A pandemia do coronavírus fez aumentar não só o número de brasileiros que vivem na extrema pobreza como diminuiu a classe média ao seu menor patamar em mais de 10 anos em relação ao total da população. Pesquisa do Instituto Locomotiva mostra que, com o aumento do desemprego e o tombo da renda, esse grupo social deixou de compreender a maioria dos brasileiros.
De acordo com o estudo inédito antecipado ao G1, o percentual da população brasileira pertencente à chamada classe média tradicional caiu de 51% em 2020 para 47% em 2021 – mesmo 'tamanho' da classe baixa. A maior marca, segundo o Locomotiva, foi registrada em 2011, quando a classe média era 54% da população brasileira.

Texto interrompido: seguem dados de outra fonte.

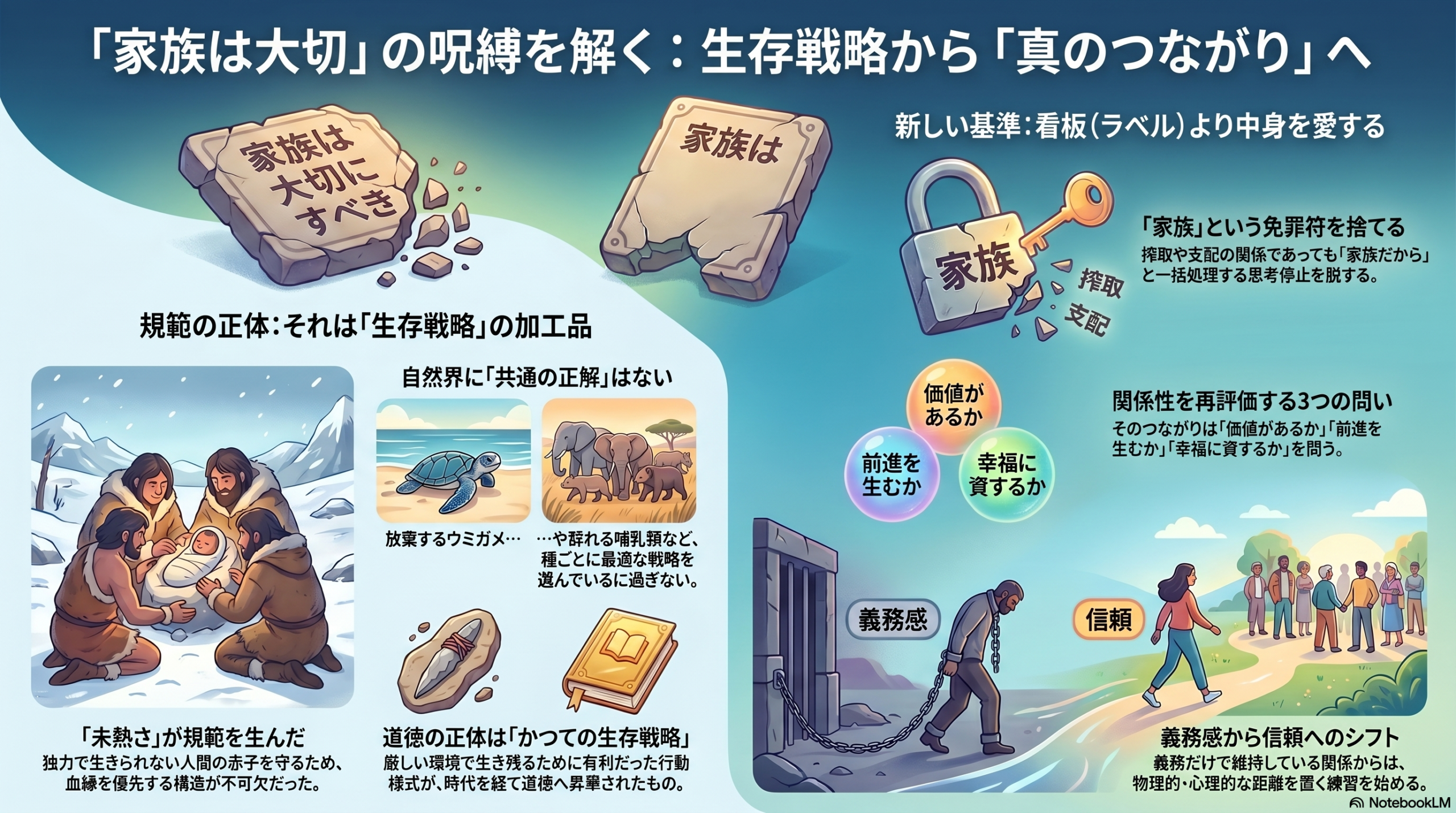注意すべきは、「家族が大切だったから規範が生まれた」のであり、「規範があるから家族は常に大切」ではないという事実です。この順序を逆にしてしまうと、思考は完全に停止します。

A pesquisa considera como classe média famílias com renda mensal per capita (por pessoa) entre R$ 667,87 e R$ 3.755,76.
O percentual de 47% foi calculado a partir de projeções e análises estatísticas do Locomotiva com base nos dados da Pesquisa Nacional por Amostra de Domicílios Contínua (Pnad) e da Pesquisa de Orçamentos Familiares (POF), do Instituto Brasileiro de Geografia e Estatística (IBGE).
Em números absolutos, a "classe média tradicional" foi estimada em 100,1 milhões de pessoas em março, contra 105 milhões em 2020. Ou seja, a crise trazida pela pandemia empurrou 4,9 milhões de brasileiros da faixa intermediária de renda para a classe baixa.
"Essa camada da população não tinha poupança, nem os recursos da elite para passar bem por essa pandemia. Também não contaram com auxílios emergenciais ou políticas voltadas para a base da pirâmide, que foi quem mais sofreu durante a crise", afirma o economista Renato Meirelles, presidente do Instituto Locomotiva.
Ele, que pesquisa há 20 anos as mudanças nas classes sociais do país, explica que o processo de expansão da classe média no Brasil foi interrompido desde a crise que se iniciou em 2014. Mas foi a primeira vez em mais de 10 anos que a classe média deixou de representar mais da metade da população.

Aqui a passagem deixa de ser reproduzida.